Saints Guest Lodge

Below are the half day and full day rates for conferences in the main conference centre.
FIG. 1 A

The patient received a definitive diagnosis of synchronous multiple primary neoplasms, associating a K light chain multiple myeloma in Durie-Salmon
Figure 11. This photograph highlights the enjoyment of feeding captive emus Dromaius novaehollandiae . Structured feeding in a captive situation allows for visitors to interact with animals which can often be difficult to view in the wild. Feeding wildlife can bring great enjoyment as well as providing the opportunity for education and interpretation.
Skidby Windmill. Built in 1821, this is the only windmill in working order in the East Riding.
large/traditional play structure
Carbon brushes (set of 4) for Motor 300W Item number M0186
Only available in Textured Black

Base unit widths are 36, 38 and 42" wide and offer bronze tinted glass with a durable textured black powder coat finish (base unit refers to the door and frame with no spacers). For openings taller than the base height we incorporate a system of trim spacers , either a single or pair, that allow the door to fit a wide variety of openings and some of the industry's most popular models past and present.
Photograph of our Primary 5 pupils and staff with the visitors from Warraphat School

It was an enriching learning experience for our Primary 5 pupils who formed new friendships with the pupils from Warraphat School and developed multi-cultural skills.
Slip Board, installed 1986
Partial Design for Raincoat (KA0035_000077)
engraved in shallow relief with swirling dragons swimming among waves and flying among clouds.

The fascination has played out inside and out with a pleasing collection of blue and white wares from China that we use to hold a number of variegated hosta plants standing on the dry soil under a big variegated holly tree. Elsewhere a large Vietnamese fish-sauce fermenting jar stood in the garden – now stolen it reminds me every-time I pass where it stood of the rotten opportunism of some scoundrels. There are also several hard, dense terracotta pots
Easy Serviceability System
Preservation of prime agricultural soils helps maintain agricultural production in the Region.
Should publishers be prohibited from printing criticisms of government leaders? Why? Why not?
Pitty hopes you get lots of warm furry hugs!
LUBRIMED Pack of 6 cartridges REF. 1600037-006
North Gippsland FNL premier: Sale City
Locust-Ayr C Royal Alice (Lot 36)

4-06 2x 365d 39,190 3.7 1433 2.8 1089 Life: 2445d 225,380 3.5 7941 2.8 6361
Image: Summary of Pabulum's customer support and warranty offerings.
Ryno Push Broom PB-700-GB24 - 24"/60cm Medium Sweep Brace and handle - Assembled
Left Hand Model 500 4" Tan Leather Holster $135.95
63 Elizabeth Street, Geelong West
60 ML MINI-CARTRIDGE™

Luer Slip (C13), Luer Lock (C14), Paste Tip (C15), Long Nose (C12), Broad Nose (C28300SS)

==

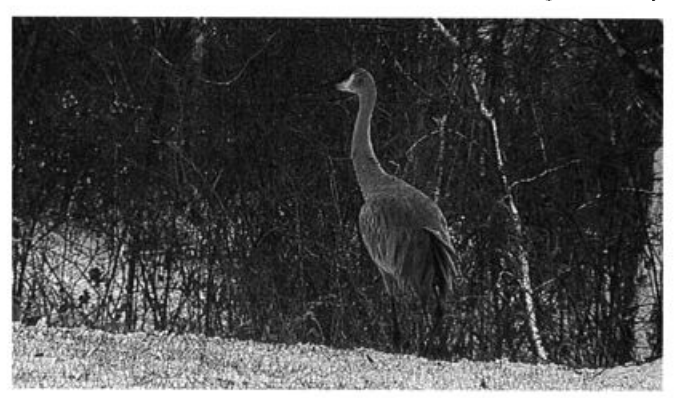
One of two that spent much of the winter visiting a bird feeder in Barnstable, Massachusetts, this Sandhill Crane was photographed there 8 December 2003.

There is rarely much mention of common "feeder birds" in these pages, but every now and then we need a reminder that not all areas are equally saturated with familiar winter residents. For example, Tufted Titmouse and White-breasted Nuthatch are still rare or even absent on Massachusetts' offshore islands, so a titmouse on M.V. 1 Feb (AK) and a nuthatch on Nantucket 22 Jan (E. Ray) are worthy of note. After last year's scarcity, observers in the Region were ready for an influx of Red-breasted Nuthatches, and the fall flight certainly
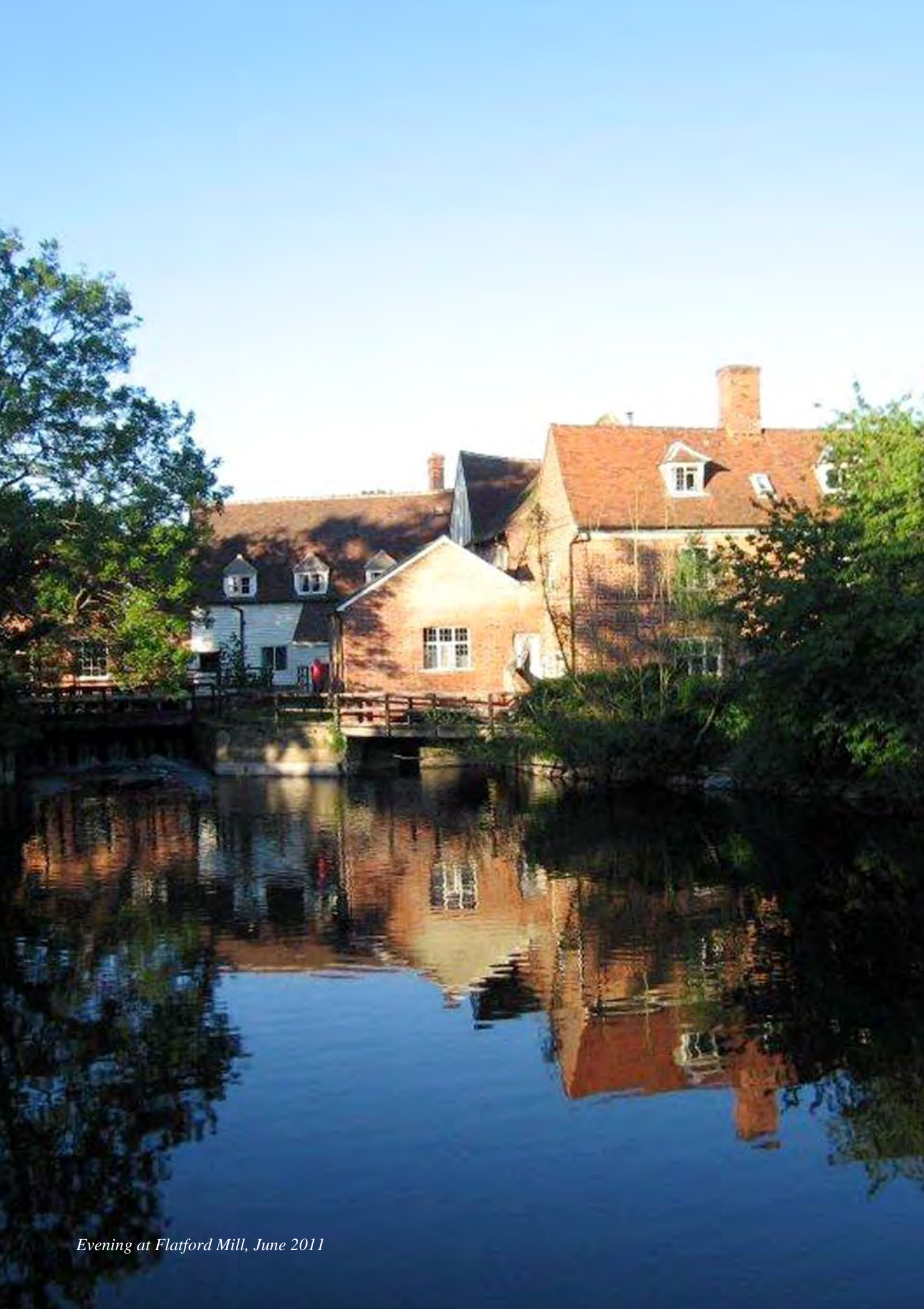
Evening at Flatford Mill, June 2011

==

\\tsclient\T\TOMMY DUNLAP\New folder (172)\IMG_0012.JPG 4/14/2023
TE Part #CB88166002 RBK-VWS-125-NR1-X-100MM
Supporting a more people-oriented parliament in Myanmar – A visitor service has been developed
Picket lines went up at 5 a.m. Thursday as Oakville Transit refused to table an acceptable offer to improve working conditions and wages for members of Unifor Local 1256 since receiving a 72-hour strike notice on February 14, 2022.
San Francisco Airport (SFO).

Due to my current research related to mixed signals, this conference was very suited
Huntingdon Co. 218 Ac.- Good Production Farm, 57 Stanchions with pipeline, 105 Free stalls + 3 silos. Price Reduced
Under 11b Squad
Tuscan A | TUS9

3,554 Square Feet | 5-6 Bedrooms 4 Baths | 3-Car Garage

** BRIEF **
Only the lines above from the one with "60 ML MINI-CARTRIDGE™" up to and including the one with "Luer Slip (C13), Luer" should be repeated, exactly as written.

** EXERCISE OUTPUT **
60 ML MINI-CARTRIDGE™

Luer Slip (C13), Luer Lock (C14), Paste Tip (C15), Long Nose (C12), Broad Nose (C28300SS)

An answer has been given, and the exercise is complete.